Members of the California State Teachers Retirement System, and those who employ them, should be aware of new regulations regarding post-retirement earnings limits.

Based on new IRS provisions, Assembly Bill 506, Furutani, D-Long Beach, which has been signed by the governor, reduces the post-retirement earnings limitation to $0 for retirees under the age of 60 for the first six months after retirement as of July 1, 2010.

It also extends the sunset dates for the post-retirement earnings limit exemptions to June 30, 2012, and expands eligibility to members who retired on or before Jan. 1, 2009. ACSA had taken a support position on the bill based on the extension of the earnings limitations to 2012.

The signing of the bill is a timely reminder for CalSTRS members and employers of the rules and regulations surrounding earnings limitations. Aside from the new provisions outlined in AB 506, employers should be reminded that the post-retirement earnings limitation for the 2009-10 fiscal year is $30,580.

Upon retaining the services of a retired member, employers are required to 1) notify the retired member of the new earnings limit; 2) maintain accurate records of the retired member’s earnings; and 3) report those earnings to the retired member and to CalSTRS monthly, using member code 2 and assigned code 61, regardless of the method of payment or the fund from which the payments were made.

It should be noted that even independent consultants or contractors are subject to these limitations. If district resources are used, these employees fall under the regulations of the law.

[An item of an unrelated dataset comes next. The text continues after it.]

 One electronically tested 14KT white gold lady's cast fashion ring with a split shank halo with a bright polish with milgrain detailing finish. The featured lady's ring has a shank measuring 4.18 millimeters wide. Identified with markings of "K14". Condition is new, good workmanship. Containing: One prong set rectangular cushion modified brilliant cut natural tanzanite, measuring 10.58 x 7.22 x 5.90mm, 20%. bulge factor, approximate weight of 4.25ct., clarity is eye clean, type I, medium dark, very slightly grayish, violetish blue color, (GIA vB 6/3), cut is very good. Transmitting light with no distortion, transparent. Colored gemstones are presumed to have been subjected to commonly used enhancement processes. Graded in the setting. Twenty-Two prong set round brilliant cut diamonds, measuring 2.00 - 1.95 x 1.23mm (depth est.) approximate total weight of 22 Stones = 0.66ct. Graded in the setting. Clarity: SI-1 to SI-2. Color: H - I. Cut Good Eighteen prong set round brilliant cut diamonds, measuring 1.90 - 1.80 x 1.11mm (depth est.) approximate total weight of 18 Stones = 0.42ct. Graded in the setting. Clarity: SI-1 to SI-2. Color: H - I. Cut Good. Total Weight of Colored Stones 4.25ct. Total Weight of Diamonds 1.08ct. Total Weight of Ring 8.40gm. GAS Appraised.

Any activity considered to be creditable service is subject to the earnings limitation. Creditable service generally includes any position in pre-kindergarten through community college that requires a credential, certificate or permit, among others.

If a retired member earns more than is allowed, the member’s retirement allowance will be reduced by the amount of compensation that exceeds the earnings limitation. School districts report retiree earnings to CalSTRS. Upon receipt of a report of post-retirement earnings, CalSTRS will send retirees a letter explaining that these earnings will be counted toward the earnings limitation.

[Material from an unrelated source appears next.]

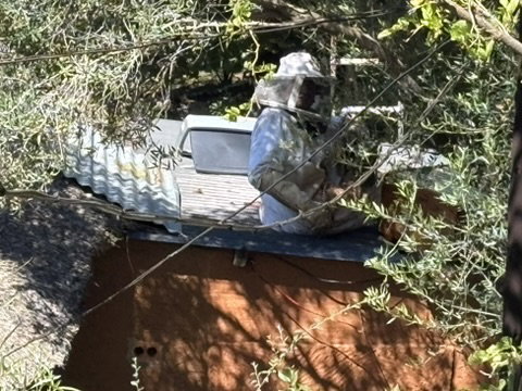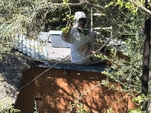 Below, ground control (a couple of curious onlookers and probably someone holding their breath) watched as the operation unfolded. The hive was carefully opened, the bees gently persuaded that relocation was in their best interest, and then — the jackpot.

If a retiree’s post-retirement earnings reach half the limit, the retiree will be sent a second letter informing the retiree that the midpoint of the limit has been reached. If the retiree exceeds the earnings limit, a third and final letter will be sent informing the retiree that the earnings limit has been exceeded and that CalSTRS will begin to deduct excess earnings from the monthly retirement allowance.

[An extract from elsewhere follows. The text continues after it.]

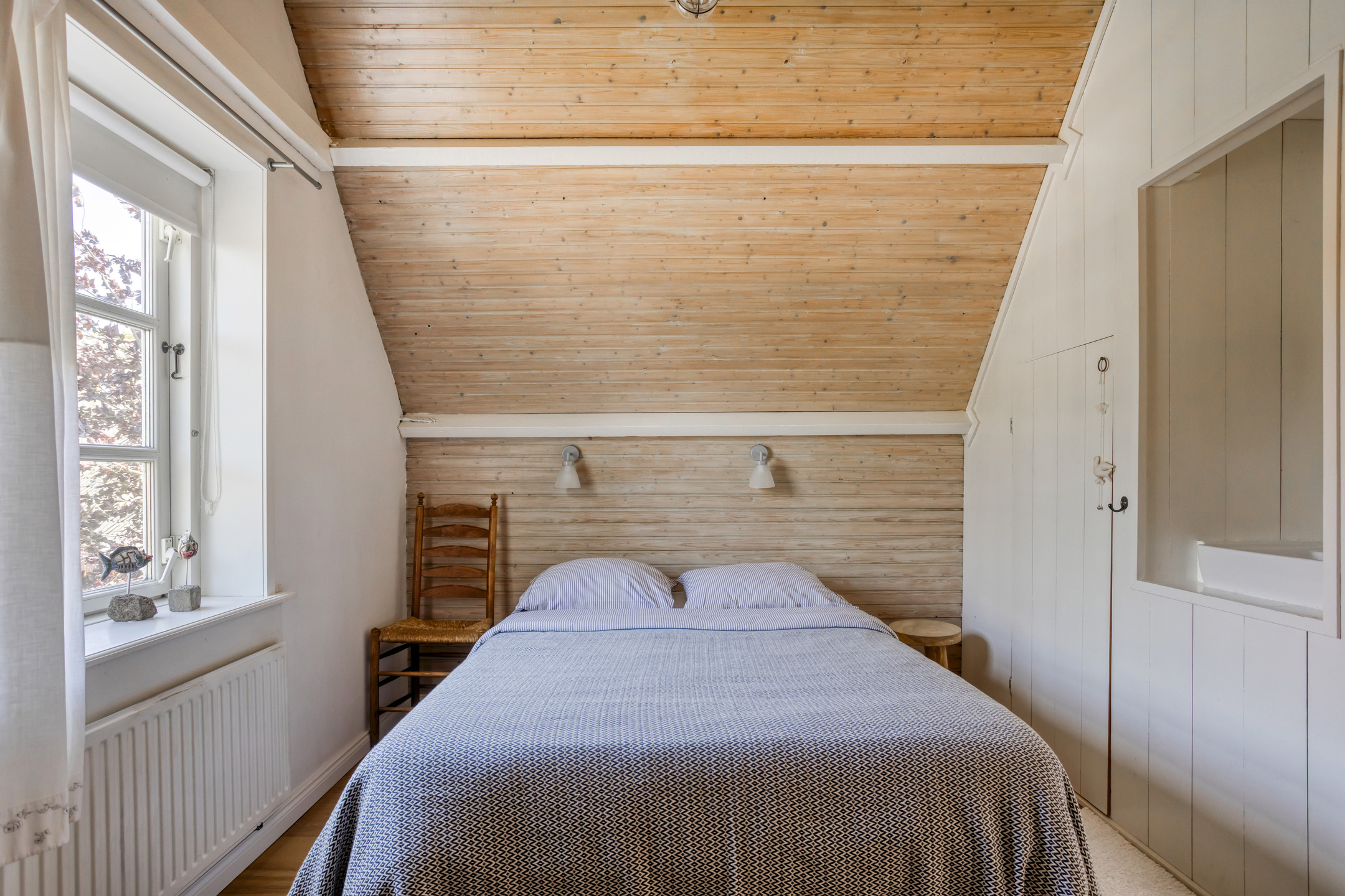 The first floor is divided between the front and rear sections of the house. In the front, you’ll find two spacious bedrooms, each with storage behind the knee walls. In the rear, a wide staircase leads to a charming landing with a built-in box bed—a unique feature sure to appeal to children. From here, you access the spacious master bedroom, which includes built-in wardrobes, a storage loft, and French doors opening onto a large rooftop terrace with panoramic views of the surrounding landscape.

The allowance must be reduced dollar-for-dollar by the amount of earnings in excess of the limit.

There are certain exemptions to the earnings limitations. Exemptions include those who have been retired at least 12 months without performing any service; those who provide direct classroom instruction in certain settings; those who return to administrative roles under certain emergency situations; and those who are appointed or assigned as an administrator. Employers must file exemptions prior to or as soon as the retired member begins working.

There are also several restrictions in place. For example, those who retired with a CalSTRS “Retirement Incentive” will lose the increased retirement allowance attributable to either incentive if they return to work within five years of retirement to the LEA that granted the incentive.

Another restriction prohibits CalSTRS retirees from returning to work in classified positions unless a K-12 school needs an aide in a high pupil-to-teacher ratio class or to provide one-on-one instruction in remedial classes or for underprivileged students.